If you’ve visited in the past few days, you probably think I have some irrational, uncontrollable hatred or animosity or something for Legacy Publishing aka the Big 6 or Traditional Publishing.
Granted, this rant and that bit of angry hoo-how would certainly give you that idea.
But nothing could be further from the truth.
I don’t HATE Traditional Publishing.
Really! I don’t!
Without them, I would have grown up without books. Without them, my imagination would have floundered. Without them, my creativity would have withered and died. Without them, I would not be who I am and where I am.
And, without them, there’d be no vanity press, no online publishing, no self-publishing via Amazon.
In fact, in many ways, Traditional Publishing is the parent of Self-Publishing.
A distant, unloving, hyper-critical, potentially abusive parent. But a parent nonetheless.
The anger I feel toward the Big 6 has more to do with their apparent attitude toward self-published authors than it does with who they are or how they operate, even, ostensibly, through surrogates. (cough) NY Times (cough)
Listen, it’s one thing to be rejected by a Publisher. Happens all the time. No big whoop.
It’s another thing to have those at the Big 6 not want you to publish PERIOD.
It seems like it’s no longer enough to ignore you outright or have an intern toss a rejection letter/email your way. Now they have to bludgeon, bloody, and belittle what’s becoming a strong cornerstone of an increasingly viable industry.
From questioning the quality of the work and the work ethic of the authors to throwing doubt on the veracity of the reviews, it looks as if Legacy Publishers are hell bent on destroying self-pubbed authors.
Why?
Is the royalty check I’m getting this week — my own version of “One small step for my bank account, one … giant leap for my bruised Writer’s ego” — really that much of a threat to their bottom line? Is the fact that ANYONE can publish and, therefore, the Big 6 no longer decides who does and doesn’t end up in Readers’ hands killing them that much? Do they so desperately need to be The Gatekeepers that they’ll stoop to staining the collective reputations of authors who, collectively, are hardly a threat to their more established Superstars?
Why? (I ask again)
Listen, I understood early on that what I write — my story about a haunted immortal desperate for redemption lacking vampires and werewolves and wizards and a clean, easy fit in the YA genre — wasn’t what New York was looking for. That’s why I didn’t submit it.
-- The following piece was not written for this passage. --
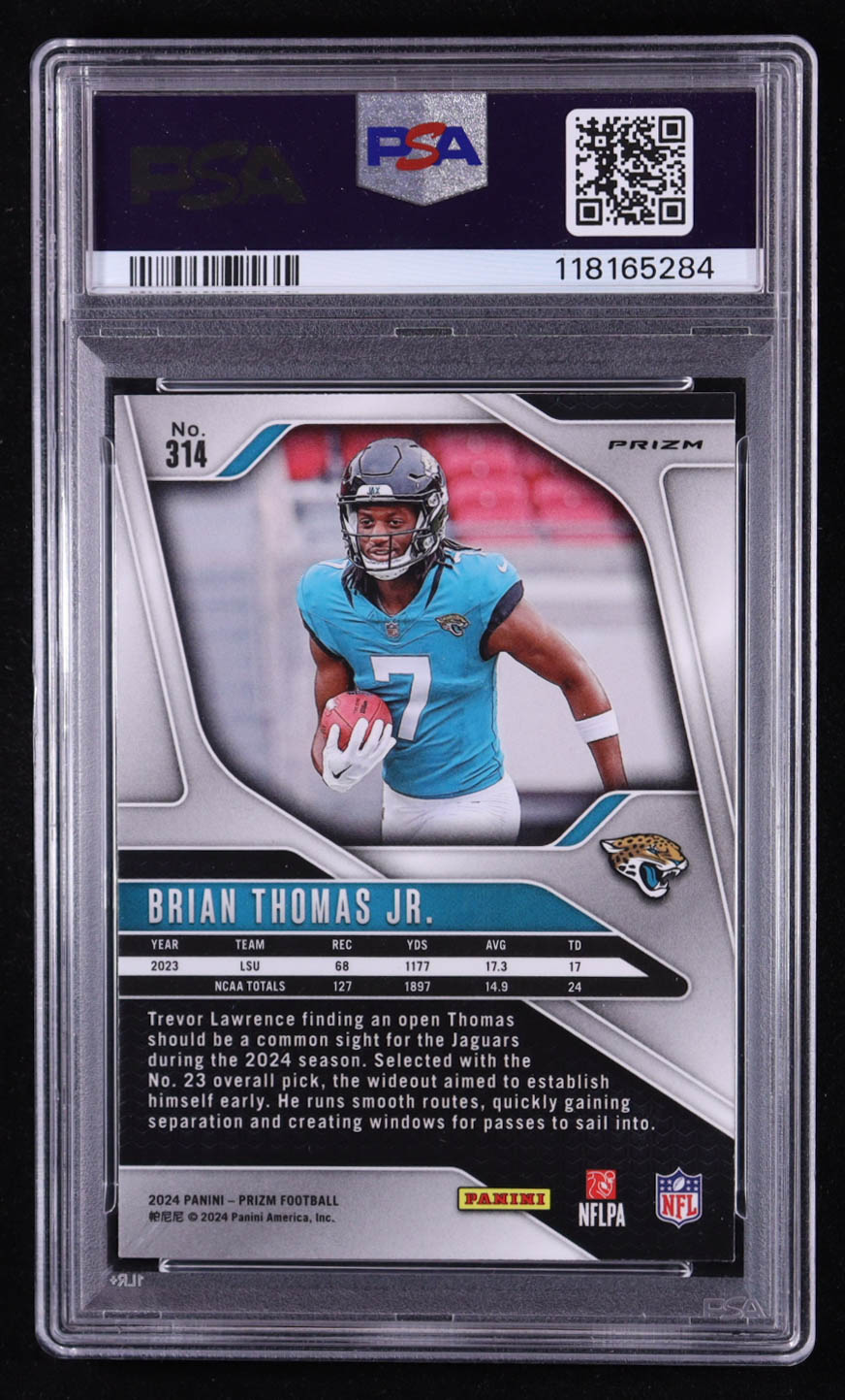 Brian Thomas Jr. 2024 Panini Prizm Prizms Lazer #314 RC (PSA 9)

As I said in the Comments to this great Post over on Carl Purdon’s blog, I could spend years perfecting a query letter to land an agent and then try to get published — which could be several more years — OR I could self-publish and spend that time building an audience and writing more books.
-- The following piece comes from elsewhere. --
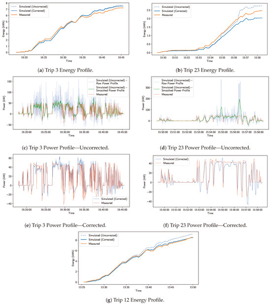 For the trips that exceed 5 km, Trip 12 exhibited the smallest absolute error, whereas Trip 23 had the largest error. Consequently, these two trips were selected for detailed comparative analysis in subsequent plots. Notably, Trip 23 is an intra-town journey within Somerset West, whereas Trip 12 spans from Somerset West to Stellenbosch (18.8 km). With these extremes, Trip 3 is also shown as a typical trip in Figure 6. The energy profile of Trip 23, for example, shows that the simulated energy (before corrections, indicated by the dashed line) overshoots the measured energy shortly after time 15:56. In Trip 3, the energy is initially underestimated, but from around 16:35, it is overestimated.
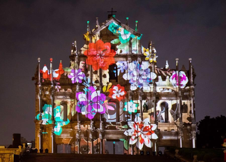 The Macao Light Festival 2017, an annual event put on by the special administrative region's government, was unveiled at the Ruins of St. Paul's on Sunday night, followed by a string of events and festivals to attract tourists. The 17th century Portuguese Church of St. Paul is among Macao landmarks listed as a UNESCO World Heritage Site. (Photo: Xinhua/Zhang Jinjia)

That Legacy Publishers would seem to have a problem with that is, frankly, confusing.
That they’d apparently take fairly overt steps to diminish us is what angers me.
So, I don’t really have a problem with Traditional Publishers per se. As long as they let me do what I want to do, why would I?
All I ask is they give us self-publishers the same respect and allow us the chance to find our Readers.
At the end of the day, the Publishing World is a vast, endless ocean. I’m sure there’s room enough for everyone.
Isn’t there?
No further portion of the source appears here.